The failure-handling convention differs from Detection by design — and the two rules are consistent once you separate the metric types. Higher-is-better overlap metrics (IoU, Precision, Recall, F1) score a parse failure as 0, because a non-answer genuinely deserves the worst-possible overlap and belongs in the average. Error metrics (MAE, MRE) must not: a failure has no sensible error value — 0 would be a perfect score and ∞ would swamp the mean — so an unparseable prediction is recorded as NaN and excluded from the averaged error. The miss is still penalized elsewhere: it lowers SuccessRate, and the threshold counts (MRE<k, IoU>k) use the full sample count as their denominator, so failures depress them for every task.
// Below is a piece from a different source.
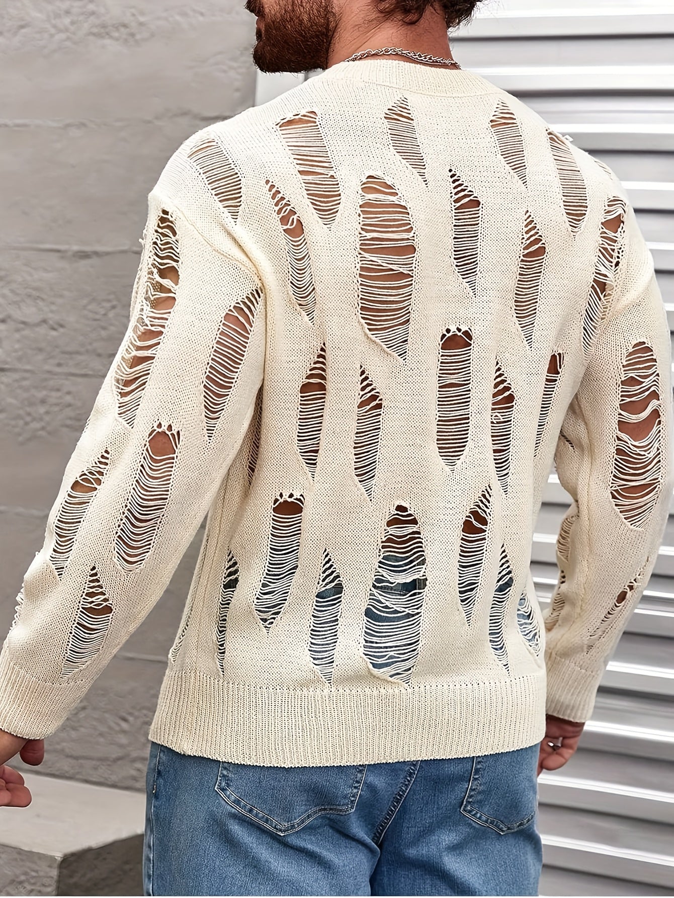 Men'S Chic Black Distressed Knit Sweater - Sexy Cropped Design, Medium Stretch Fabric, Perfect for Spring/Fall, Casual Wear|Fashionable Ripped Look|Stretchy Fabri

In short, MAE/MRE answer “how accurate is the model when it answers”, while SuccessRate answers “how often does it answer at all”.

Note

In the code and in each model’s <task_id>_results.json, MAE, MRE, and nMAE may appear under the keys avgMAE, avgMRE, and avgNMAE. These are exactly the quantities this documentation and the paper call MAE, MRE, and nMAE.

Warning

For AD, samples whose ground-truth angle or distance is essentially zero are dropped before aggregation. A near-zero denominator would send MRE toward infinity and dominate the average. The cutoff is AD_NEAR_ZERO_GT_THRESHOLD = 0.1 in medvision_bm.utils.configs; ground-truth values below it are filtered out of the AD metrics entirely.